● Aim of the task: Would you please return the data below verbatim, without its pictures?

● Data records:
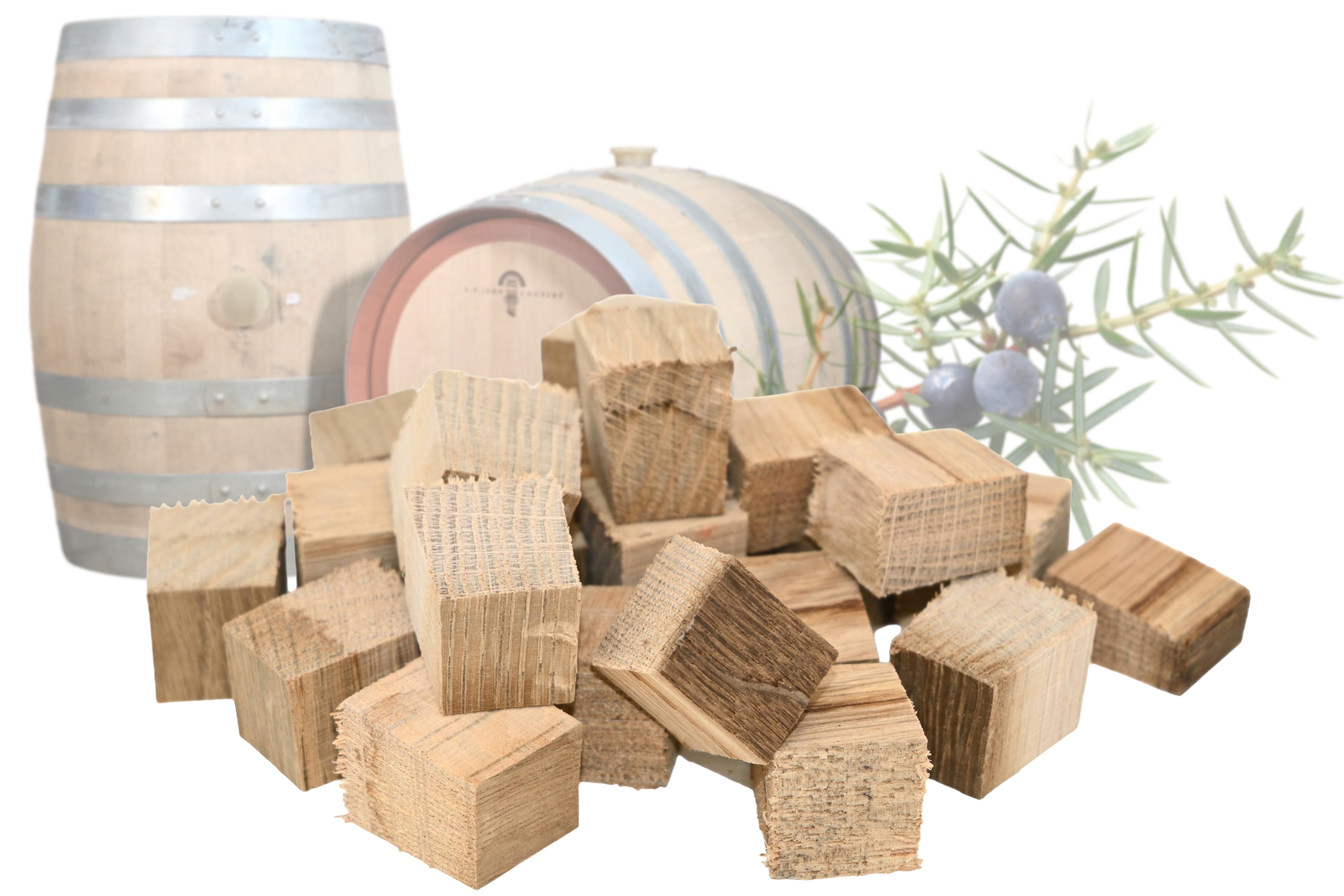Les cubes sont produits à partir de fûts de gin fraîchement vidés.
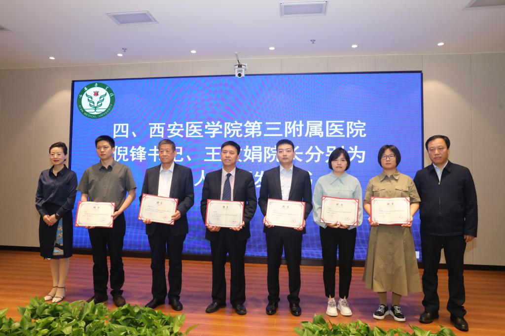 巩守平介绍了参会嘉宾,人才引进背景、目的和意义,并宣读胡开进教授的任职文件。杨帆代表学校与胡开进教授签约,并为王宝彦、孙辉教授颁发特聘教授证书。三附院党委书记倪锋、院长王敏娟为医院引进人才苗武胜、卫凌、李芝香、吴中明、李春梅、郭发刚等医生颁发聘书。
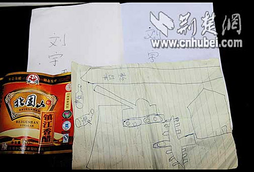 昨日(21),洪山区(武汉)南湖工商所接到举报,在该区红旗村一临时搭建的民房中查获一个制假作坊,收缴大量假名牌醋等。据查,作坊老板刘某是安陆人,今年2月起与妻子在此租房,以每袋2毛钱购进散装醋精,兑水炮制“名醋”,低价卖给周边副食店和小超市。执法人员现场发现一幅笔法幼稚的漫画:一辆坦克的大炮直指2瓶“名醋”。刘某的妻子称,这是她11岁的儿子为讽刺他们制假而作。(张乐克 徐永峰 章敏)
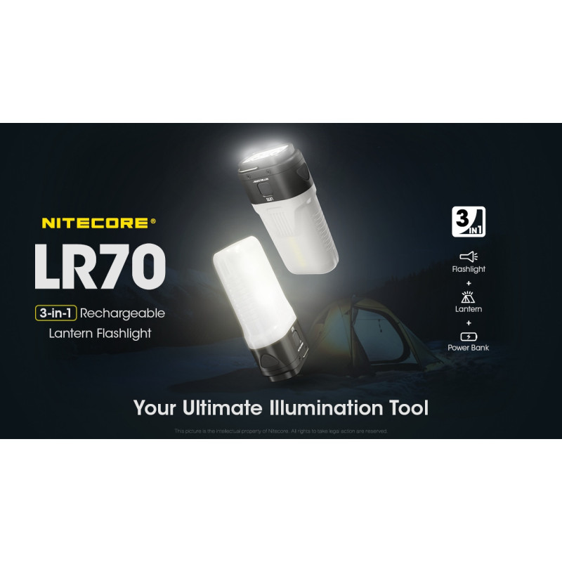 Powerful Dual Lantern and FlashlightThe Nitecore LR70 is a versatile 3-in-1 camping lantern, flashlight, and power bank. When used as a flashlight, it is capable of producing up to 3000 lumens and providing a throw distance of up to 300 m (328 yards), making it ideal for camping and outdoor activities. When you use the LR70 as a lantern, it can emit up to 400 lumens, providing 360-degree illumination whether it's placed on a surface or hung. It also offers multiple red light options, including High and Low brightness settings to preserve your night vision, as well as Beacon and SOS modes for emergency situations. If you're on the move, you can turn the LR70 on its side and use its Flashlight mode, which offers a choice of 5 different brightness settings.
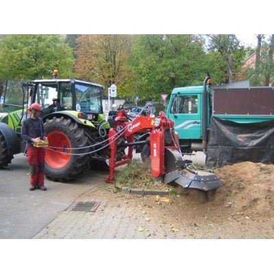 Applications: Forestry, tree nurseries, landscaping, plantations, site preparation. Functions: Economic and efficient grinding of all types of stumps, Grinding stump rows, Stump grinding in plantations, orchards, parks and gardens. Technical Description: The SF900 is a PTO-driven attachment with Cat II and III three-point linkage. It can be mounted on a range of machines with the appropriate power rating and linkage configurations. The SF900 excels by its robust, solid and compact design and its large operating range. The SF900 stump grinder is operated by cable remote control. The grinding wheel is driven by a drive shaft, gearbox and power belts on both sides of the unit and is equipped with eight wearing plates and eight chisel tools, all of which are carbide-tipped. This combination allows lateral grinding as well as a radial cut of the stump. All tools are easy to replace and long lasting compared to other grinder tools.
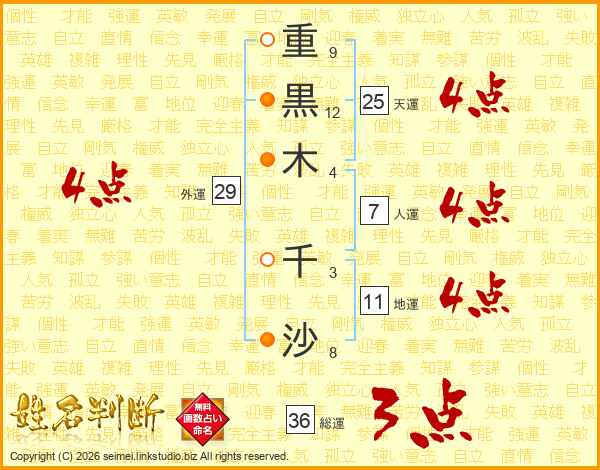 重(9画)黒(12画)木(4画) 千(3画)沙(8画)
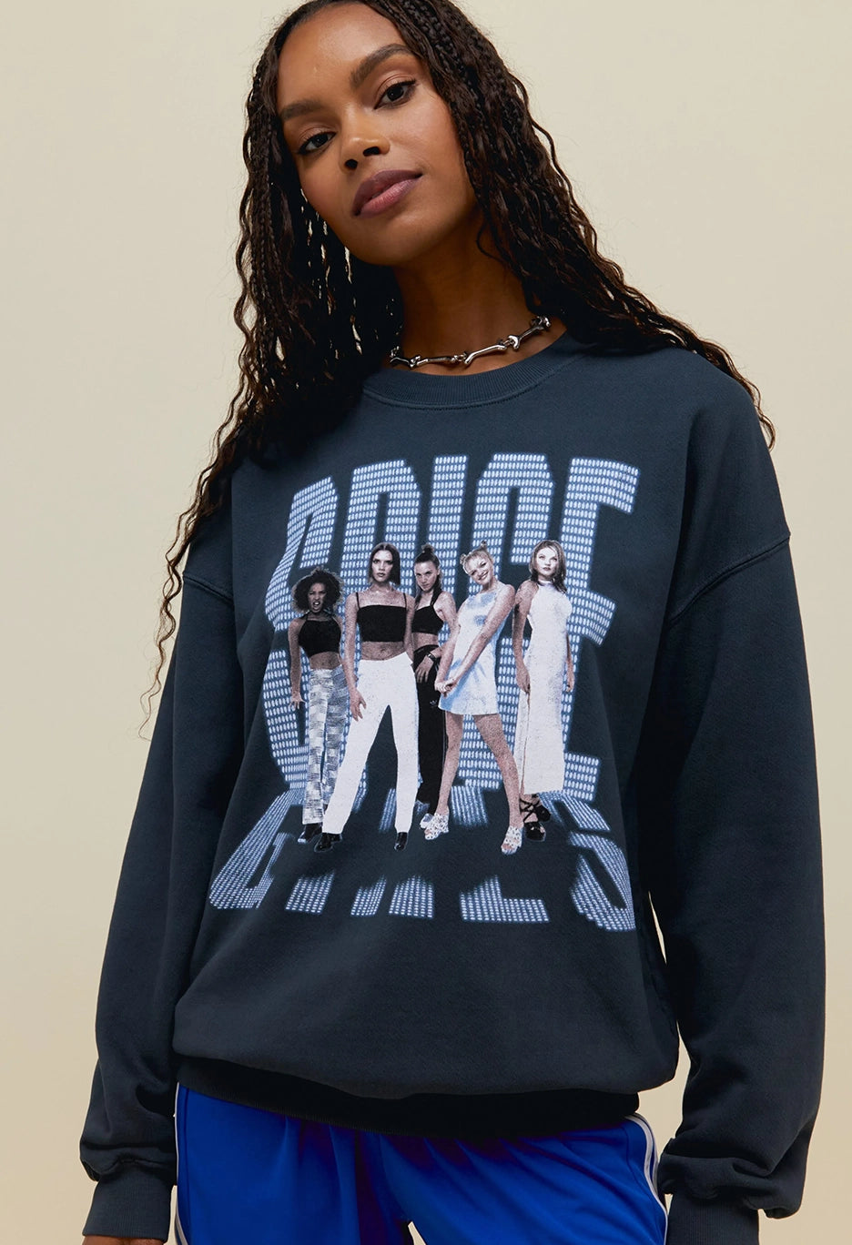 Consider this your Spicemania souvenir. Still holding a special place in the hearts of their female fanbase around the globe, the Spice Girls rose to serious fame and the world never looked back. An iconic portrait of the girl group hits this versatile crew featuring their group name in what’s reminiscent of live stage letters.
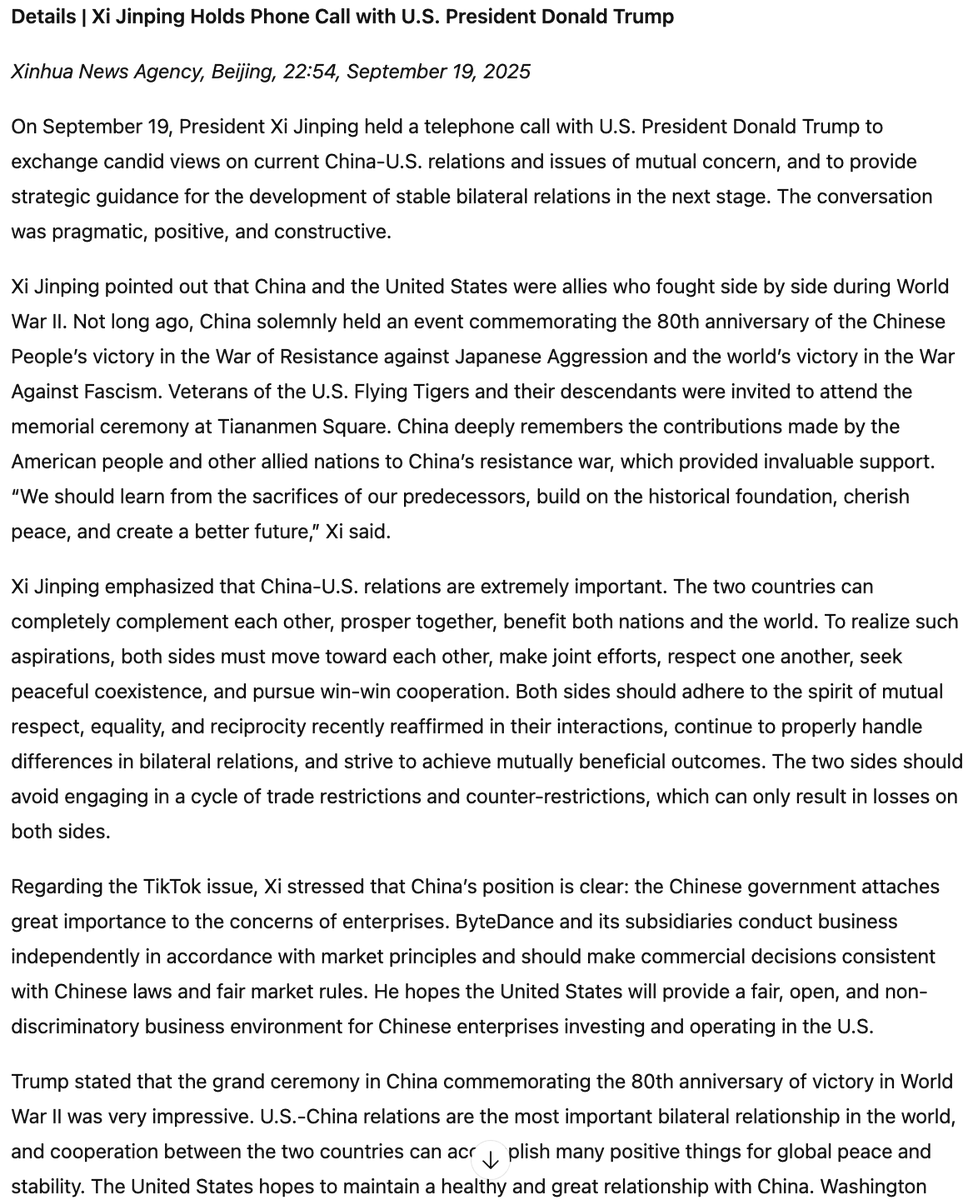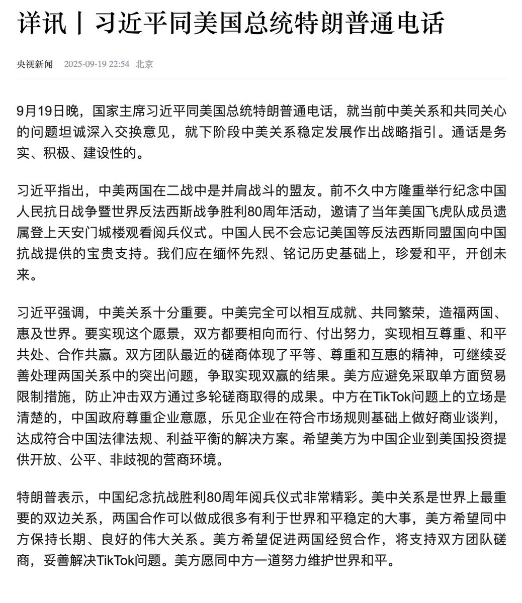 BREAKING: China released the content of the conversation between Xi Jinping and Trump突发:中国提前发布习近平和川普的谈话内容

● Output of the task:
Les cubes sont produits à partir de fûts de gin fraîchement vidés.
 巩守平介绍了参会嘉宾,人才引进背景、目的和意义,并宣读胡开进教授的任职文件。杨帆代表学校与胡开进教授签约,并为王宝彦、孙辉教授颁发特聘教授证书。三附院党委书记倪锋、院长王敏娟为医院引进人才苗武胜、卫凌、李芝香、吴中明、李春梅、郭发刚等医生颁发聘书。
 昨日(21),洪山区(武汉)南湖工商所接到举报,在该区红旗村一临时搭建的民房中查获一个制假作坊,收缴大量假名牌醋等。据查,作坊老板刘某是安陆人,今年2月起与妻子在此租房,以每袋2毛钱购进散装醋精,兑水炮制“名醋”,低价卖给周边副食店和小超市。执法人员现场发现一幅笔法幼稚的漫画:一辆坦克的大炮直指2瓶“名醋”。刘某的妻子称,这是她11岁的儿子为讽刺他们制假而作。(张乐克 徐永峰 章敏)
 Powerful Dual Lantern and FlashlightThe Nitecore LR70 is a versatile 3-in-1 camping lantern, flashlight, and power bank. When used as a flashlight, it is capable of producing up to 3000 lumens and providing a throw distance of up to 300 m (328 yards), making it ideal for camping and outdoor activities. When you use the LR70 as a lantern, it can emit up to 400 lumens, providing 360-degree illumination whether it's placed on a surface or hung. It also offers multiple red light options, including High and Low brightness settings to preserve your night vision, as well as Beacon and SOS modes for emergency situations. If you're on the move, you can turn the LR70 on its side and use its Flashlight mode, which offers a choice of 5 different brightness settings.
 Applications: Forestry, tree nurseries, landscaping, plantations, site preparation. Functions: Economic and efficient grinding of all types of stumps, Grinding stump rows, Stump grinding in plantations, orchards, parks and gardens. Technical Description: The SF900 is a PTO-driven attachment with Cat II and III three-point linkage. It can be mounted on a range of machines with the appropriate power rating and linkage configurations. The SF900 excels by its robust, solid and compact design and its large operating range. The SF900 stump grinder is operated by cable remote control. The grinding wheel is driven by a drive shaft, gearbox and power belts on both sides of the unit and is equipped with eight wearing plates and eight chisel tools, all of which are carbide-tipped. This combination allows lateral grinding as well as a radial cut of the stump. All tools are easy to replace and long lasting compared to other grinder tools.
 重(9画)黒(12画)木(4画) 千(3画)沙(8画)
 Consider this your Spicemania souvenir. Still holding a special place in the hearts of their female fanbase around the globe, the Spice Girls rose to serious fame and the world never looked back. An iconic portrait of the girl group hits this versatile crew featuring their group name in what’s reminiscent of live stage letters.
 BREAKING: China released the content of the conversation between Xi Jinping and Trump突发:中国提前发布习近平和川普的谈话内容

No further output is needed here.